> _Data section_
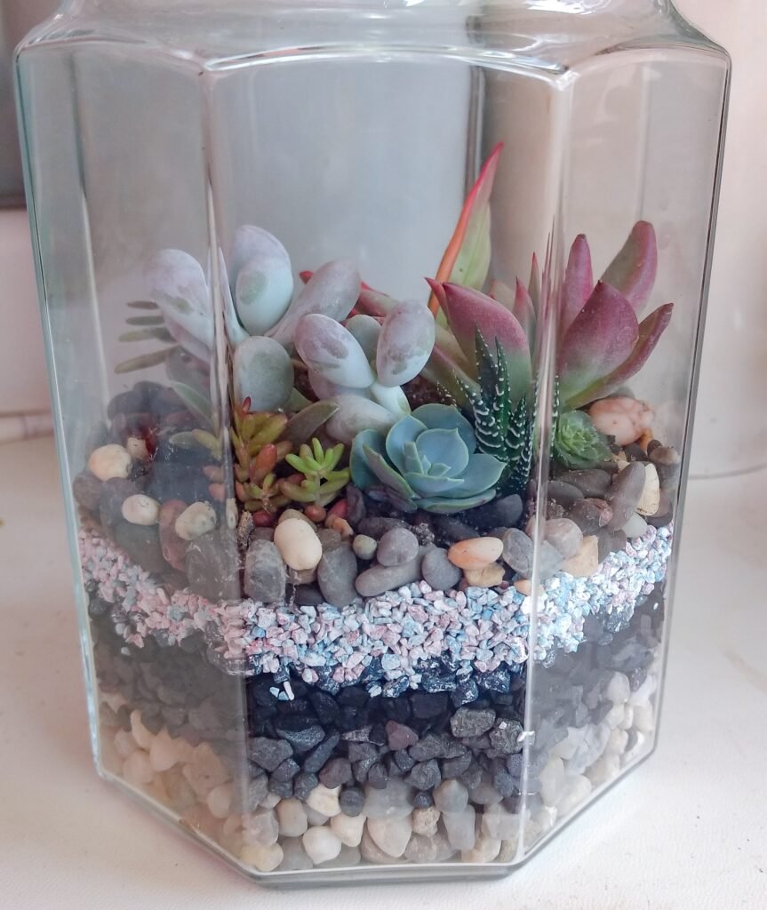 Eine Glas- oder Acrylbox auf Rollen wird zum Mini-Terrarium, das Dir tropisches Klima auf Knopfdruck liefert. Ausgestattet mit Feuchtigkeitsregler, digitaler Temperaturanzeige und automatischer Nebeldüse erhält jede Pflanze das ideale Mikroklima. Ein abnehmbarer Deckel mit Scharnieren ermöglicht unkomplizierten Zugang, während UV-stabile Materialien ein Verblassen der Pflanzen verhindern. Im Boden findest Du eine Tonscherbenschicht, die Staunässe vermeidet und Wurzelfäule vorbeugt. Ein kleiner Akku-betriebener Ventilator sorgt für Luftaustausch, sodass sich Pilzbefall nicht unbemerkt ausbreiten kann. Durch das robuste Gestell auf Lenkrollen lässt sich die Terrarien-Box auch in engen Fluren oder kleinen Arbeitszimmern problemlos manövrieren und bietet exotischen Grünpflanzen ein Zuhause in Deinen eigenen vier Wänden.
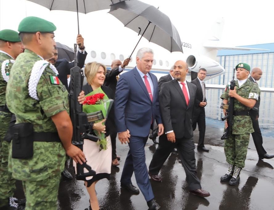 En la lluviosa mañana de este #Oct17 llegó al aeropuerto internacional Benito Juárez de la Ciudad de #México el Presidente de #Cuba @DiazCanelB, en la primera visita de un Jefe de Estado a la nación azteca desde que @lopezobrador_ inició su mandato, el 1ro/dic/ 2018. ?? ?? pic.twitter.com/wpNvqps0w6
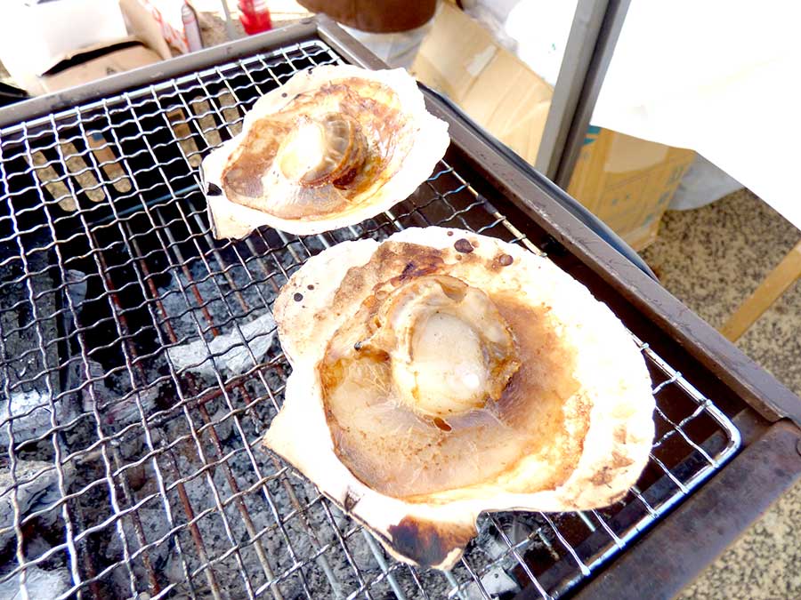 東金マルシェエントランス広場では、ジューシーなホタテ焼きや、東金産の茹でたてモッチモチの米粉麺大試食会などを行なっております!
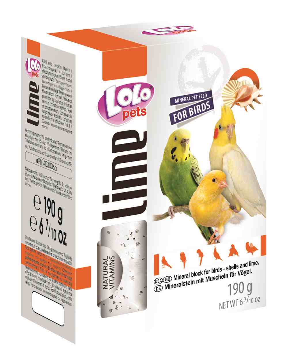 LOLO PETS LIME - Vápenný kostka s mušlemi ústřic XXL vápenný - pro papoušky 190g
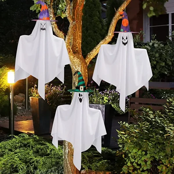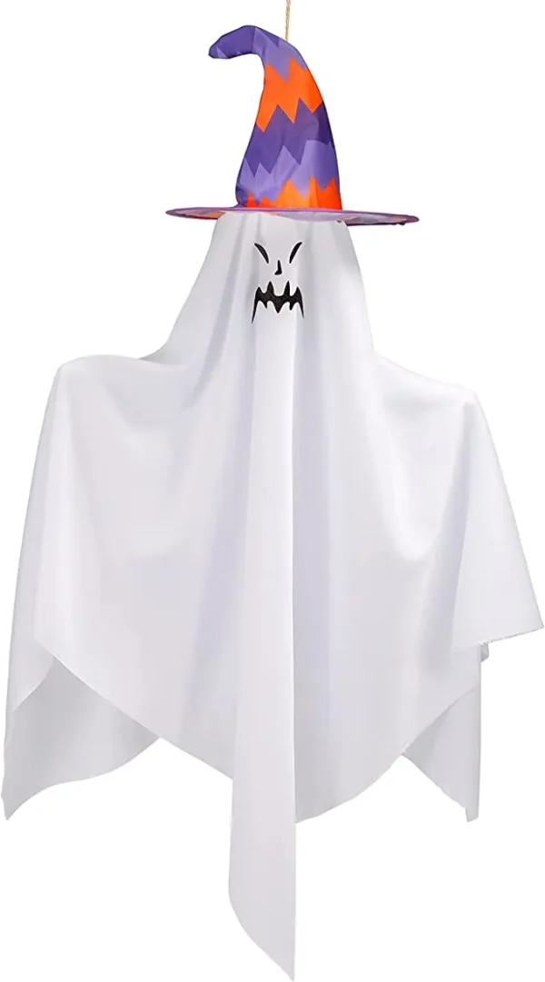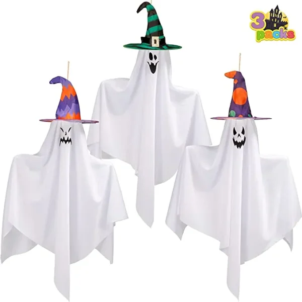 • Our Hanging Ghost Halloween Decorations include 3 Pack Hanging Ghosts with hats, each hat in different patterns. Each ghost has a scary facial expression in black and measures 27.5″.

> _What you have to do_
All lines from the one that contains "En la lluviosa" through the last line of the data should be retyped exactly, with the pictures left out.

> _Final answer_
 En la lluviosa mañana de este #Oct17 llegó al aeropuerto internacional Benito Juárez de la Ciudad de #México el Presidente de #Cuba @DiazCanelB, en la primera visita de un Jefe de Estado a la nación azteca desde que @lopezobrador_ inició su mandato, el 1ro/dic/ 2018. ?? ?? pic.twitter.com/wpNvqps0w6
 東金マルシェエントランス広場では、ジューシーなホタテ焼きや、東金産の茹でたてモッチモチの米粉麺大試食会などを行なっております!
 LOLO PETS LIME - Vápenný kostka s mušlemi ústřic XXL vápenný - pro papoušky 190g
 • Our Hanging Ghost Halloween Decorations include 3 Pack Hanging Ghosts with hats, each hat in different patterns. Each ghost has a scary facial expression in black and measures 27.5″.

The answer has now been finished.